8. What are “Basic Necessities”?
Personal items needed on a regular basis. In the spring, a common gift for each is given. Examples include: a mattress, a backpack and shoes, jackets, etc. These gifts are purchased in Uganda (to aid the economy there and cut down on travel weight). At Christmas, the extra funds are to aid the family for food and staples.
9. How does the community surrounding the children benefit from sponsorship?
One benefit is that we have avenues to help the mothers or guardians of these children. We fund several gatherings throughout the year that focus on overcoming their struggles and meeting needs through training and strategic (uniform) gifts. The sponsor community in the U.S. benefits as well! We are always open to hearing how we can pray for you or anyone in the program. For those who approve, we add these requests (as well as some general information and testimonies) on our Omu’Omu Facebook page (This is a “closed” page only for our community. You will find that many people are happy to support you and we all have personal struggles!
10. What happens at the annual Camp?
Bonding, learning, spiritual development, personal growth and FUN! The kids are grouped by age for 4-5 days. Each year has a different theme. Activities vary from music, games, art, and small mentor groups. The older kids are introduced to career options as well. A highlight is always swimming in Lake Victoria at the end of the day!)
11. How do I become a sponsor?
We take the lives of these young children and youth seriously. Their individual information/photos are not posted on our web-site. A current sponsor who understands the program must recommend a person. A commitment must be made and in most cases we require the ability to pay monthly online (as this cuts down on administration cost on the U.S. side). A how101 representative will then talk to the potential sponsor on the phone before beginning the procedure.
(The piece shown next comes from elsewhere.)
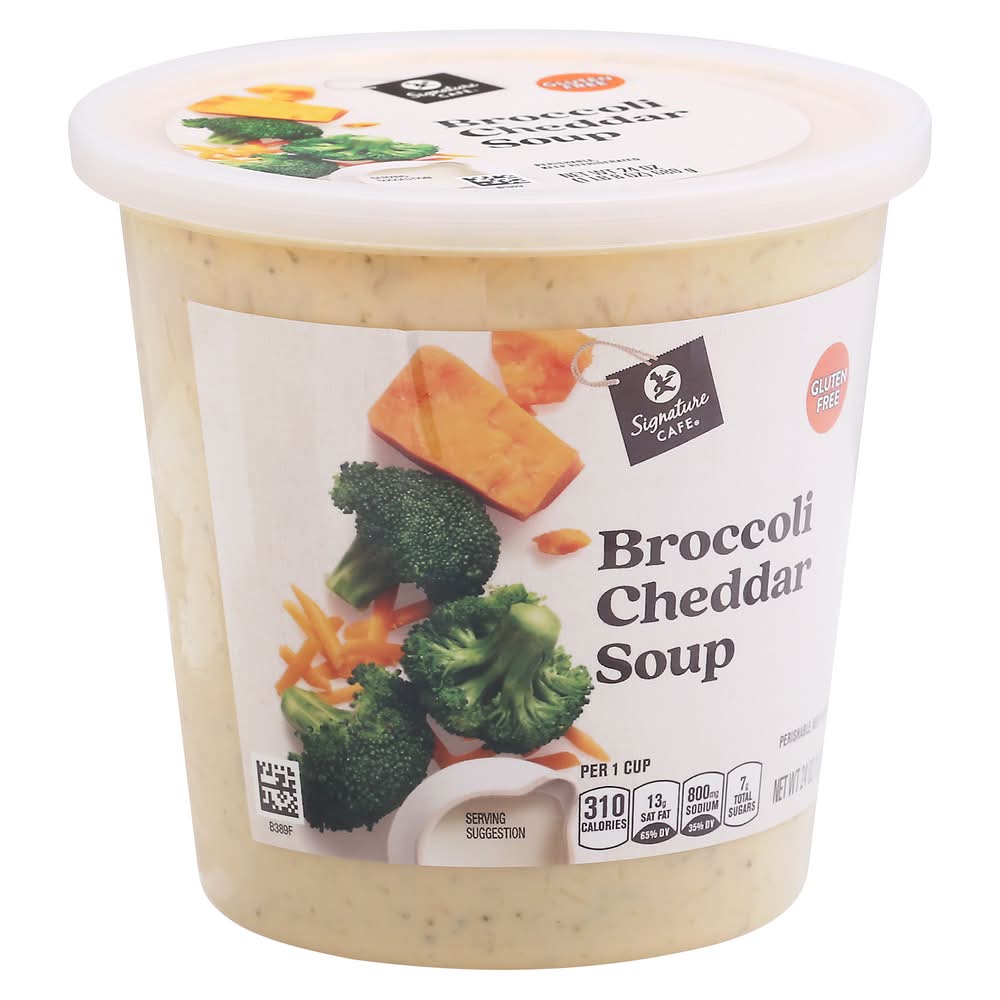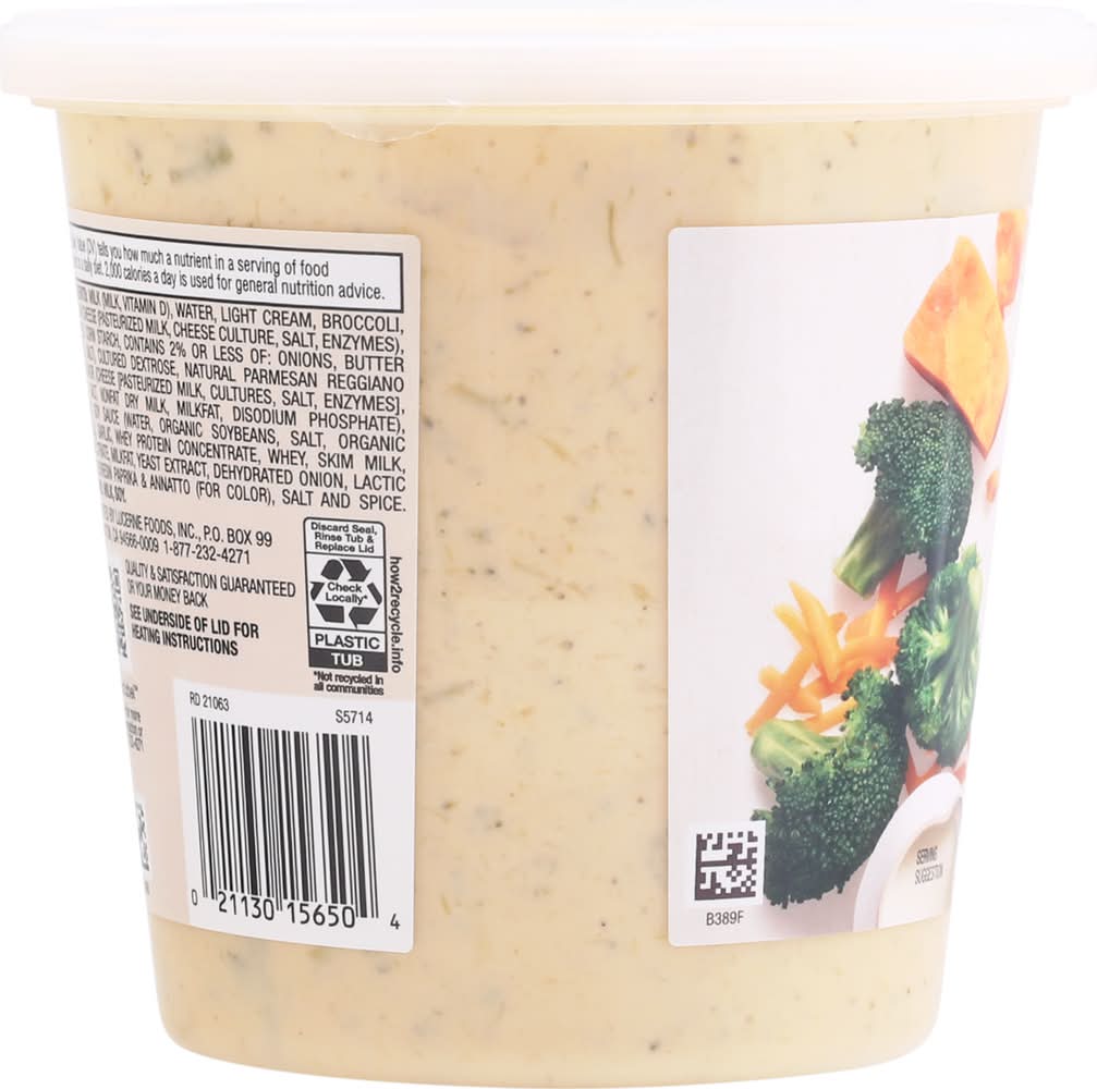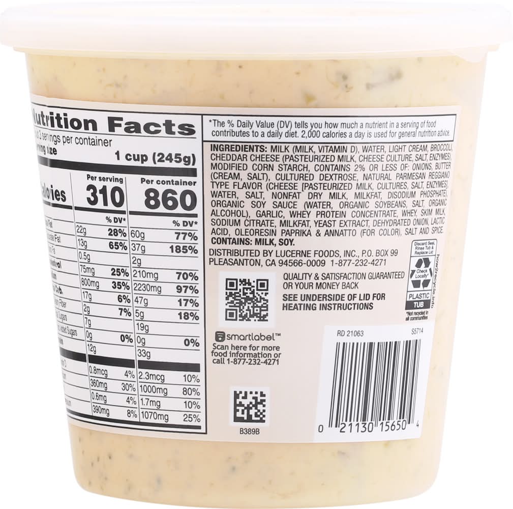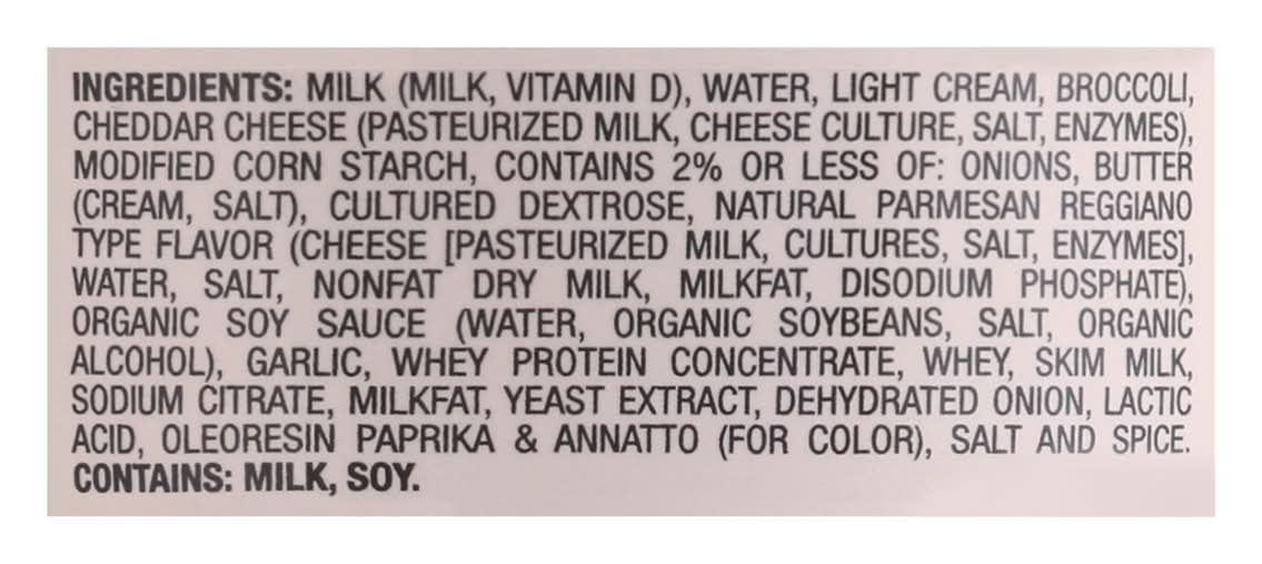 Ingredients: Milk (Milk, Vitamin D), Water, Light Cream, Broccoli, Cheddar Cheese (Pasteurized Milk, Cheese Culture, Salt, Enzymes), Modified Corn Starch, Contains 2% or Less of: Onions, Butter (Cream, Salt), Cultured Dextrose, Natural Parmesan Reggiano Type Flavor (Cheese [Pasteurized Milk, Cultures, Salt, Enzymes), Water, Salt, Nonfat Dry Milk, Milkfat, Disodium Phosphate), Organic Soy Sauce (Water, Organic Soybeans, Salt, Organic Alcohol), Garlic, Whey Protein Concentrate, Whey, Skim Milk, Sodium Citrate, Milkfat, Yeast Extract, Dehydrated Onion, Lactic Acid, Oleoresin Paprika & Annatto (for Color), Salt and Spice. Contains: Milk, Soybeans

12. What role does the sponsor play?
We ask sponsors to commit to a child for the duration of their education. The sponsor pays a monthly fee to support the child. In addition, we ask for encouragement via letters/photos. Once a year (when a team travels for Camp) Cards and letters are hand-carried over and distributed at Camp. We ask for extra donations twice a year for basic necessities – once before Camp and once at Christmas.
13. Why are these collected separately–and not just included in monthly payments?
The short answer is for accounting and tracking purposes. Some sponsors are not able to give more and we raise funds to ensure ALL receive these extra gifts. Sending funds in a group sum provides ease for Uganda staff to receive and purchase in a timely manner and for the U.S. team to fill in the gaps where needed. 100% of funds go toward this need.
14. What about trips to Uganda?
Annual trips to Uganda are opened first to sponsors. We encourage sponsors to meet their child and we provide training ahead of time. If a trip is not filled, we open to interested others who’ve been recommended by a previous team member. We, of course, do not require sponsors to go! Costs and activities are communicated in January of each year. Camp is generally held in May as this is when Ugandan children are on break. To learn more about trips/teams, please email: email@example.com
15. How is this different than other sponsorship programs?
As you’ve heard, it is quite personal and strategic! The funds go right to the source of helping the child. How101 does not take out any funds from a sponsor and a child does not get into the program until a commitment (first recurring payment) is made from a sponsor.